La Nouvelle Vague, et plus particulièrement les critiques des Cahiers du cinéma, semblent effectivement occuper dans le livre une place prépondérante, ses protagonistes ayant davantage marqué la critique avant de passer à la réalisation. Même si plusieurs chapitres sont consacrés à d’autres publications telles que les Lettes françaises, ou à d’autres critiques, le fil conducteur de ce livre reste l’évolution des Cahiers, la mise en place de la politique des auteurs dans un premier temps jusqu’à l’ouverture aux sciences sociales et l’éviction de Rohmer à la tête de la revue au  début des années 60. Cet aspect de la cinéphilie reste la moins surprenante, la plus attendue, bien que la documentation à l’appui réussisse à nous éclaircir sur des moments phares tels que la rédaction d’ « Une certaine tendance du cinéma français » de Truffaut, l’entretien que celui-ci réalisa avec Hitchcock et la sortie de la politique des auteurs.
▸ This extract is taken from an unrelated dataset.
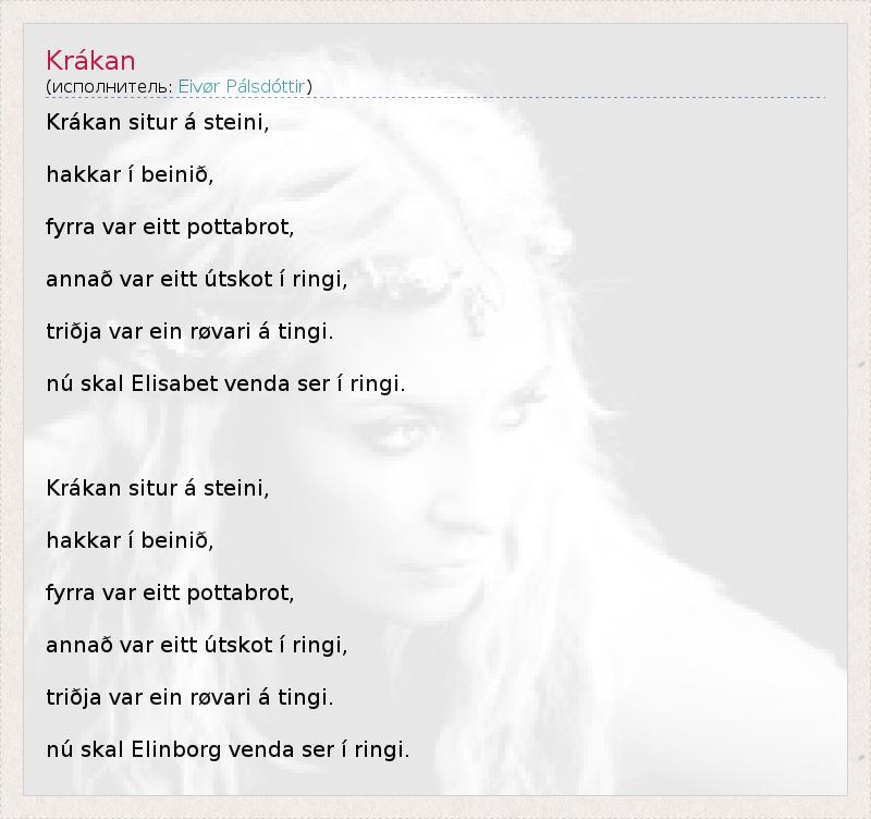 Это интересно:Эйвор Паульсдоуттир— фарерская певица и автор песен. В её творчестве смешиваются элементы джаза, фолка, кантри, рока а также классической и христианской музыки. За её манеру исполнения певицу часто называют фарерской Бьорк.В двенадцатилетнем возрасте Айвёр выступала в составе фарерского хора в Италии. В 13 лет она впервые появилась на фарерском телевидении и в том же году стала победительницей... продолжение

A cette généalogie de la cinéphilie française, voire parisienne, viennent également se greffer des portraits de critiques dont la contribution à l’émulation autour des films fut considérable mais qui furent, à tort ou à raison, évincé par l’Histoire. C’est alors que le livre de De Baeque prend tout son relief, au-delà du souvenir de ces classiques que sont Bazin, Truffaut, Godard, Rohmer et Rivette. Orientations politiques, choix esthétiques, parcours académiques et tempéraments des uns et des autres nous font revivre l’esprit du temps, le climat intellectuel de l’après-guerre mais aussi les différentes façons d’être critiques de cinéma. En tant qu’idéologue qui officiait aux Lettres françaises après l’ancrage définitif de la revue à l’extrême gauche, Georges Sadoul fut une figure emblématique de l’intellectuel communiste et stalinien qui n’eut aucun scrupule à renier le cinéma hollywoodien, alors vénéré par les hitchcocko-hawksiens pour qui la mise en scène devait révéler une vérité du réalisateur, contrairement aux films de scénaristes à la française. Hollywood n’était pour Sadoul que déchéance et seul un cinéma soviétique à thème, engagé, ne pouvait constituer une alternative valable. Au-delà du cinéphile, De Baeque nous dresse également un portrait de l’historien érudit, de l’intellectuel communiste engagé qui fut amené, comme beaucoup d’autres camarades, à effectuer plusieurs voyages au pays du « Petit père des peuples »  et qui n’hésita pas à amender son Histoire générale du cinéma en fonction des nécessités idéologiques. La polémique autour du cinéma stalinien fut à l’époque un élément constitutif de la cinéphilie française qui força chacun à se positionner. La cinéphilie comme positionnement actif trouva à se manifester entre autres lors de la « crise fullerienne », au sujet de certains films de Samuel Fuller défendu par Truffaut et les « jeunes turcs » , qui firent dire à Sadoul que ces derniers étaient essentiellement « anti-rouges et néo-formalistes », une accusation sans lien apparent mais pleine de sens à une époque où l’accent porté sur la mise en scène au dépend d’un engagement thématique, généralement de gauche, représentait un désengagement politique suspect.